Vale a leitura porque o turismo - e percebo isso a cada dia - é a porta dourada de entrada para o desenvolvimento.
TURISMO-PROBLEMA
Os festejos carnavalescos representam uma boa oportunidade para se avaliar o turismo estrangeiro no Brasil. A imagem do País no exterior está quase que indissoluvelmente associada ao futebol e ao carnaval. Assim como os jogadores brasileiros encantam o mundo todo, a grande festa de Momo também exerce um fascínio sobre o estrangeiro. E não é para menos: o colorido das fantasias, o ritmo do samba e a alegria contagiante das multidões durante vários dias é algo sem precedentes no mundo. Nas capitais nordestinas, o carnaval ainda apresenta alguns encantos adicionais, como a espontaneidade dos blocos e alguns ritmos musicais diferentes, como o frevo e o maracatu.

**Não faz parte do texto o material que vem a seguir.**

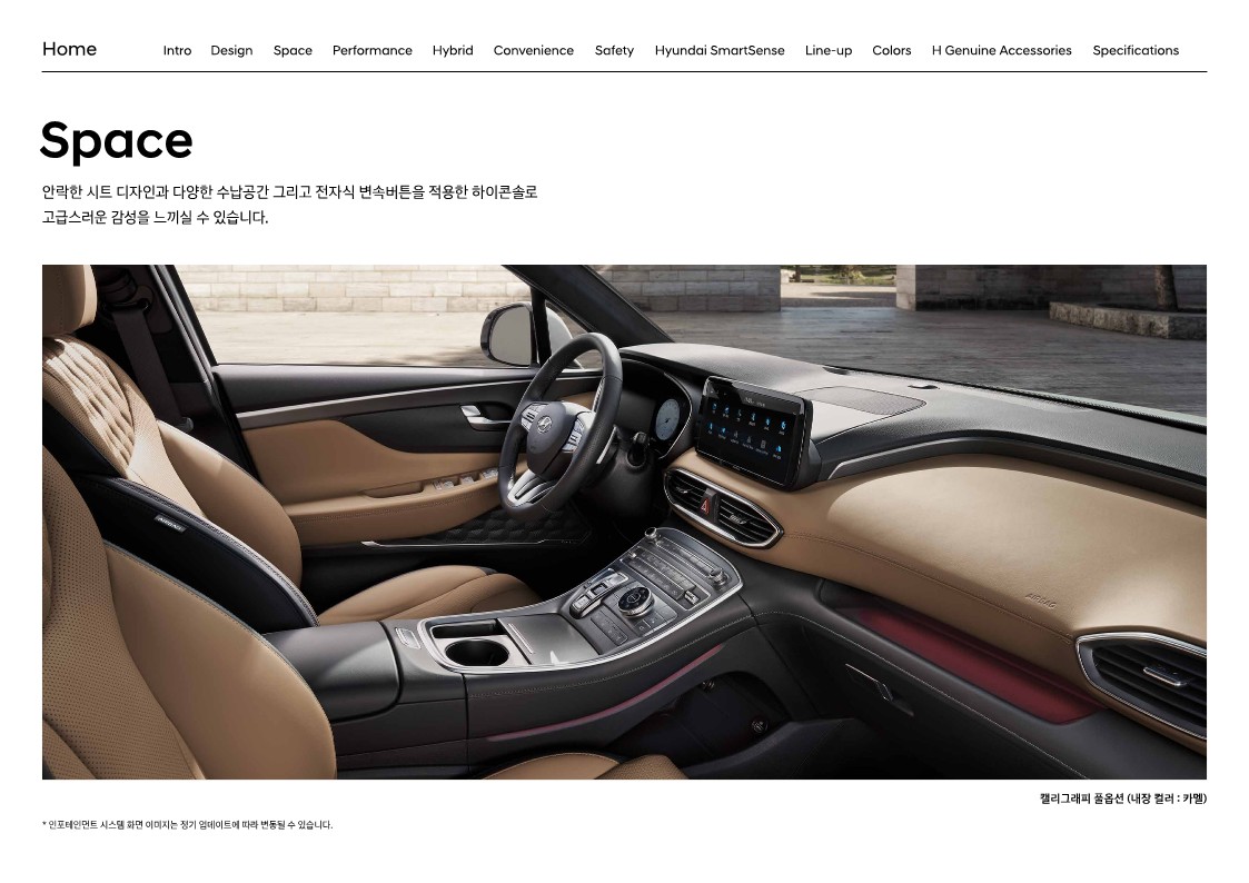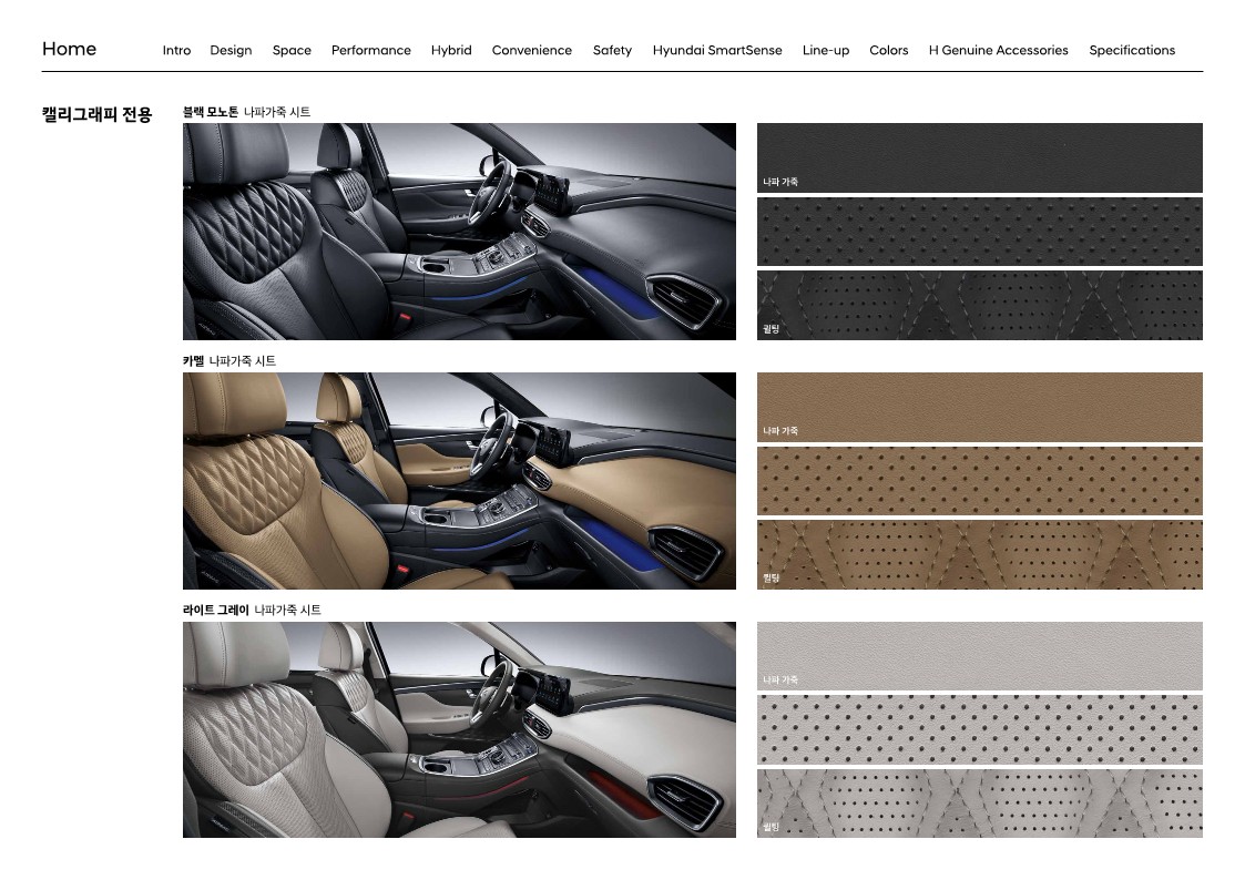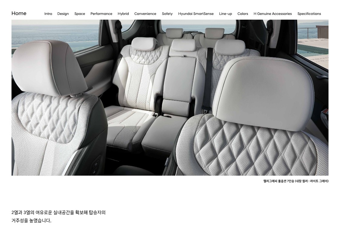 기본 시트는 인조 가죽입니다. 하지만 앞좌석 통풍과 열선은 기본으로 들어가고 2열 열선시트도 마찬가지입니다. 운전석에는 2way 럼버 서포트도 지원하고, 2열 6:4 분할 폴딩과 슬라이딩 그리고 리클라이닝도 가능합니다. 그럼에도 아쉬운 점은 스마트 원터치 워크인과 폴딩은 7인승에서만 추가할 수 있습니다. 5인승을 원한다면 누릴 수 없다는 뜻이죠. 대신 캘리그래피에서는 5인승에서도 2열 원터치 폴딩과 리모트 폴딩이 기본으로 들어갑니다. 스마트 원터치 워크인은 7인승에서만 가능하지만요.

Mas aquilo que aparece nas televisões e na mídia impressa é apenas o lado lúdico do carnaval. Os eternos problemas brasileiros empanaram o brilho que o carnaval mereceria. Por exemplo, quem foi diverte-se em Olinda enfrenta dificuldades que poucos jornais mostram. Primeiro, a cidade fica tomada por um número de foliões muito maior do que ela comporta. Olinda, declarada capital cultural do Brasil e contando com um notável conjunto arquitetônico, não possui locais adequados para o estacionamento de veículos. Os foliões têm que abandonar seus carros em terrenos baldios e caminhar até o centro histórico. No trajeto, esgoto a céu aberto e risco de assalto (as pessoas são instruídas a não andar com relógios, câmaras fotográficas, documentos ou qualquer objeto de valor). Centenas de ambulantes vendem alimentos em condições precárias de higiene. Pouca ou nenhuma lata de lixo. Nenhum banheiro público. Isso para não mencionar os vômitos espalhados pelas ruas em razão dos excessos alcoólicos. Essa perversa combinação, durante uma festa que se prolonga por vários dias quase ininterruptamente, produz um caos sanitário.

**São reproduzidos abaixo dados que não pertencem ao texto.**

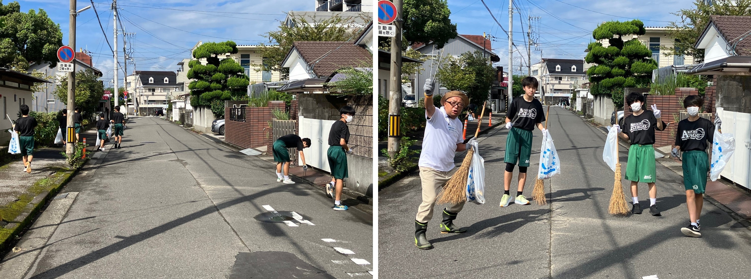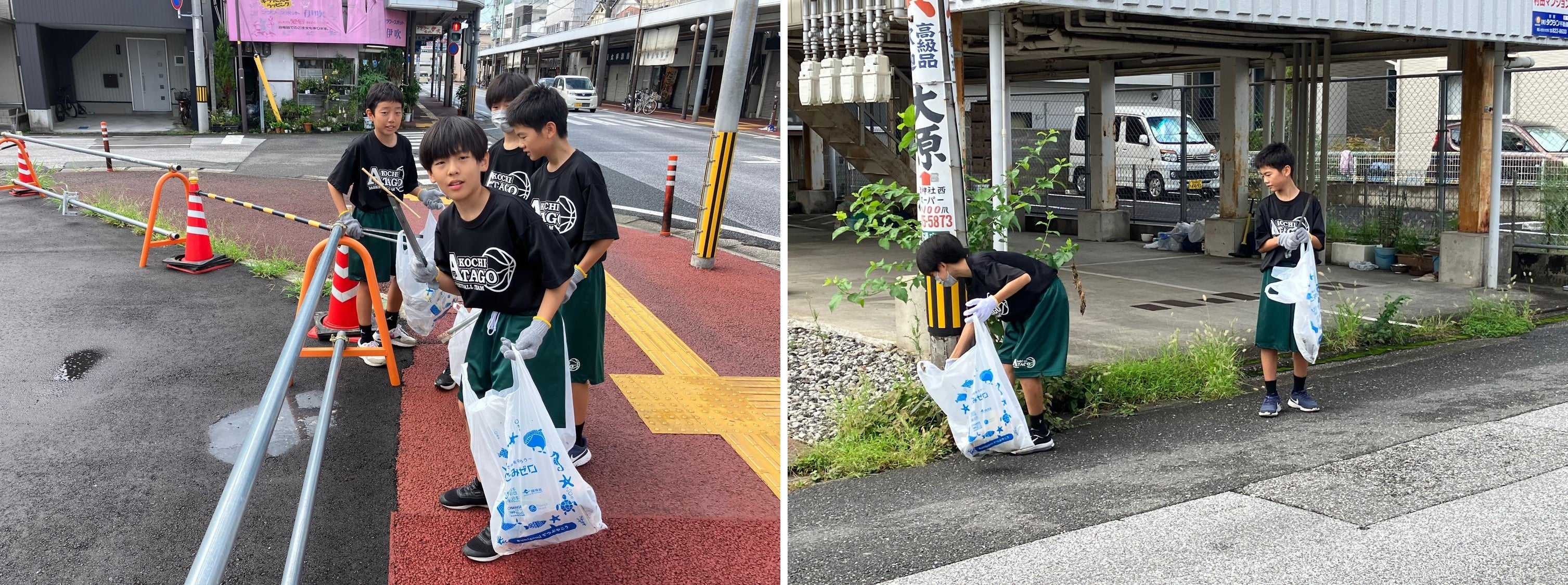高知市愛宕中学校のバスケットボール部員が地域の清掃活動を行いました

Quem tolera participar de uma festa, por mais atrativos que ela possa apresentar, se as condições são essas? Um olhar atento sobre os turistas estrangeiros que foram para o carnaval de Olinda (em 2007, grifo meu) responde à questão. Eles podem ser divididos em três grupos. O primeiro, mais expressivo numericamente, contava com jovens cujo interesse não era a alegria de participar dos festejos momescos. Estavam simplesmente atrás de drogas baratas a serem desfrutadas num ambiente de promiscuidade. O segundo, composto por homens mais velhos, eram igualmente desinteressado pelo carnaval em si. Vieram para o Brasil por causa das prostitutas baratas. O terceiro, minoritário, era o grupo dos estrangeiros que vieram atrás do estereótipo de carnaval brasileiro: alegria, folclore, paisagens tropicais exuberantes.
Os membros do primeiro e segundo grupos certamente retornarão ao País e recomendarão a viagem para amigos e conhecidos. Encontraram o que buscavam: drogas, sexo fácil e prostitutas baratas. Os do terceiro grupo dificilmente repetirão a experiência e muito menos irão aconselhar que alguém venha ao Brasil nessa época do ano.
O Brasil, assim, vem perdendo charme como destino turístico. Suas decantadas virtudes vão se esmaecendo aos olhos do estrangeiro, pois o País tem que competir hoje com destinos no Caribe, Oriente Médio e Pacífico. Que também oferecem praias, paisagens exuberantes, clima quente, comidas exóticas, povos hospitaleiros e artesanatos curiosos.
A realidade nesse sentido é dura. Do ponto de vista turístico, o Brasil é cada vez mais um mero entreposto de drogas e prostituição. Se nada for feito no curto prazo – em relação à segurança – e no longo prazo – em relação à educação -, o turismo se tornará uma crescente fonte de problemas e não de receitas para os brasileiros.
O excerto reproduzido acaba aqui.